Áperi es considerado uno de los templos culinarios más especiales de San Miguel de Allende. Su nombre, que significa “abrir”, refleja una filosofía que busca abrir los sentidos del comensal a un viaje íntimo, honesto y profundamente conectado con el origen de cada ingrediente. Aquí, la cocina no pretende deslumbrar con artificios, sino con la emoción que produce el sabor bien logrado. Bajo una estética refinada pero cálida, Áperi ofrece una experiencia pausada donde cada platillo es presentado como una historia: del productor, de la tierra y del proceso artesanal que lo sostiene.
El restaurante se caracteriza por trabajar con ingredientes de temporada provenientes de granjas locales de Guanajuato. Esto provoca que el menú degustación cambie constantemente, y que la experiencia —especialmente para quienes regresan— nunca sea la misma pero siempre conserve la misma intención: provocar sensaciones profundas con preparaciones elegantes y técnicas contemporáneas.

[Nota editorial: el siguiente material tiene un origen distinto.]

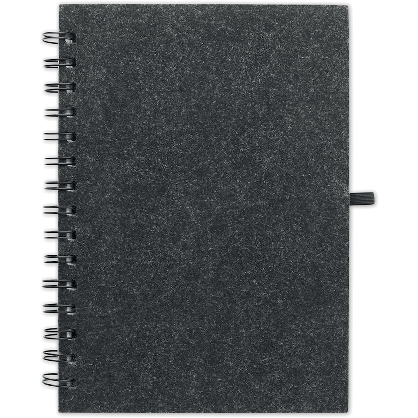 Livre à spirales écologique avec couverture en feutre. La couverture est fabriquée à partir de rPET, c'est-à-dire de bouteilles PET recyclées, et l'intérieur est fabriqué à partir de papier recyclé. Un symbole au dos de la couverture indique qu'elle est fabriquée à partir de matériaux recyclés.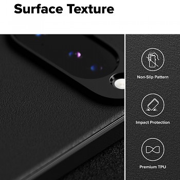 Pouzdro Ringke Onyx pro Google Pixel 10 je vyrobeno z prémiového TPU materiálu, který zajišťuje vynikající flexibilitu a odolnost proti nárazům. Jeho černá barva dodává telefonu sofistikovaný a nadčasový vzhled. Zadní strana pouzdra se pyšní jemnou, protiskluzovou texturou, která připomíná broušený povrch a výrazně zlepšuje úchop. Boky pouzdra jsou opatřeny výraznější, jemně zrnitou texturou, která zabraňuje vyklouznutí telefonu z ruky.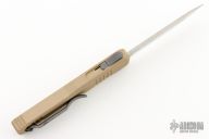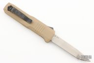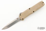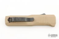 This is a 14808BK Turmoil double action OTF auto with a stonewashed clip point blade by Heckler & Koch. Tan aluminum frame with tip down black stainless clip, left or right reversible. Includes original packaging and paperwork. Excellent condtion.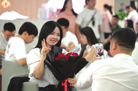 “小梦,一颗心只属于你一个人。”“今天,我要向我最爱的TA表白!”“妈妈我爱你,你陪我长大,我养你到老。”……活动现场,浪漫的情歌环绕耳旁,无人机在低空穿梭,让爱意从天而降。越来越多的市民也被现场的氛围感染,纷纷参与到活动中来,将领取的玫瑰送给身边人。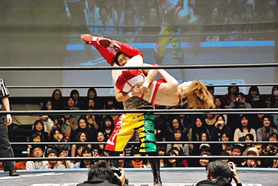 アントンボディへのパンチ連打からボディスラム、ウラノブロックして逆にボディスラム(左写真)、赤井にタッチ。5分経過。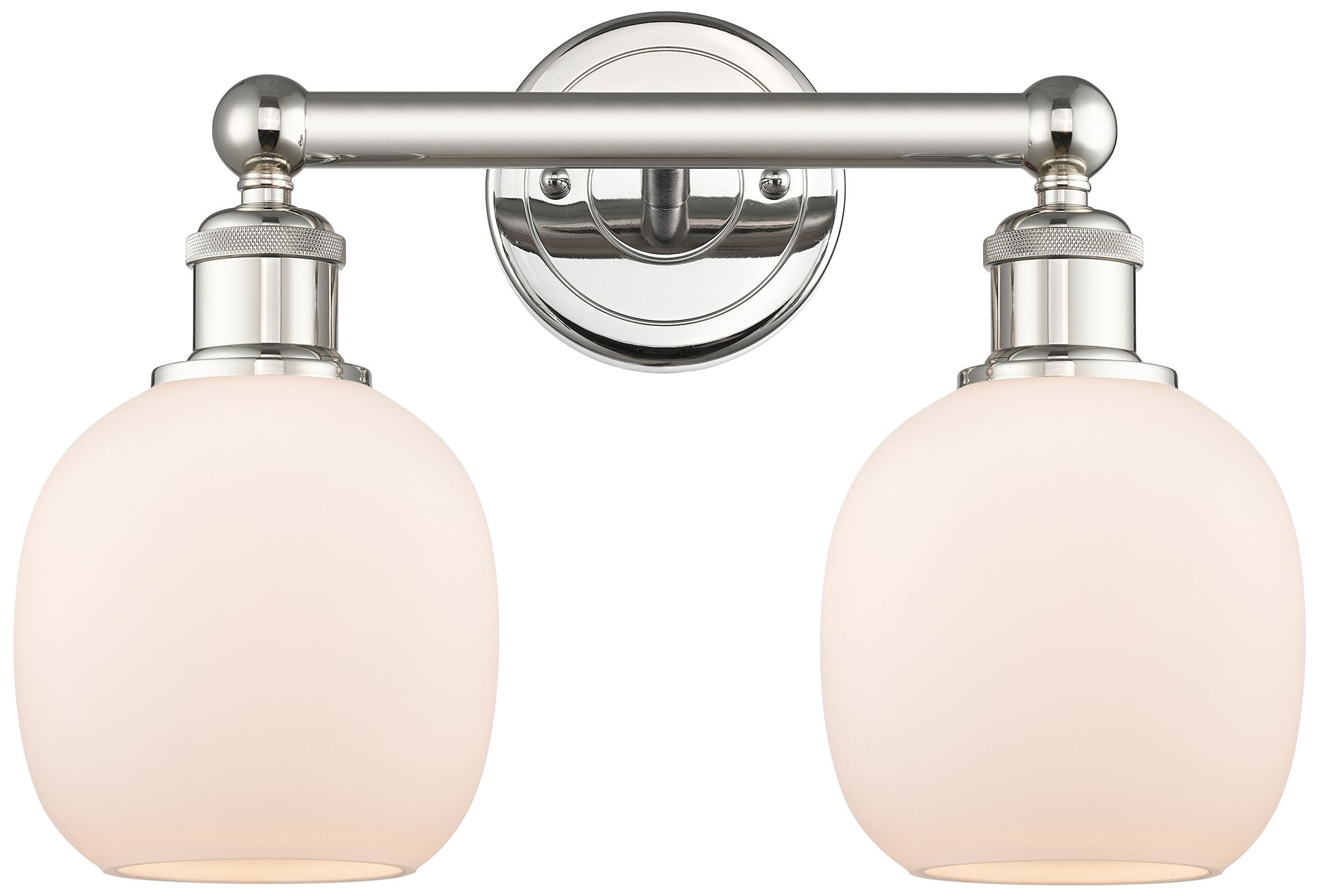 Belfast 15"W 2 Light Polished Nickel Bath Vanity Light With White Shad

Los emplatados son sobrios, equilibrados visualmente, y cada tiempo se ensambla buscando resaltar la pureza del producto. El servicio acompaña la experiencia de forma muy cercana pero sin invadir, lo que contribuye a que el ambiente se sienta casi como una cena privada dentro de una casa. Comer en Áperi es una experiencia íntima, reflexiva y sensorial, ideal para quienes aman descubrir detalles en cada bocado.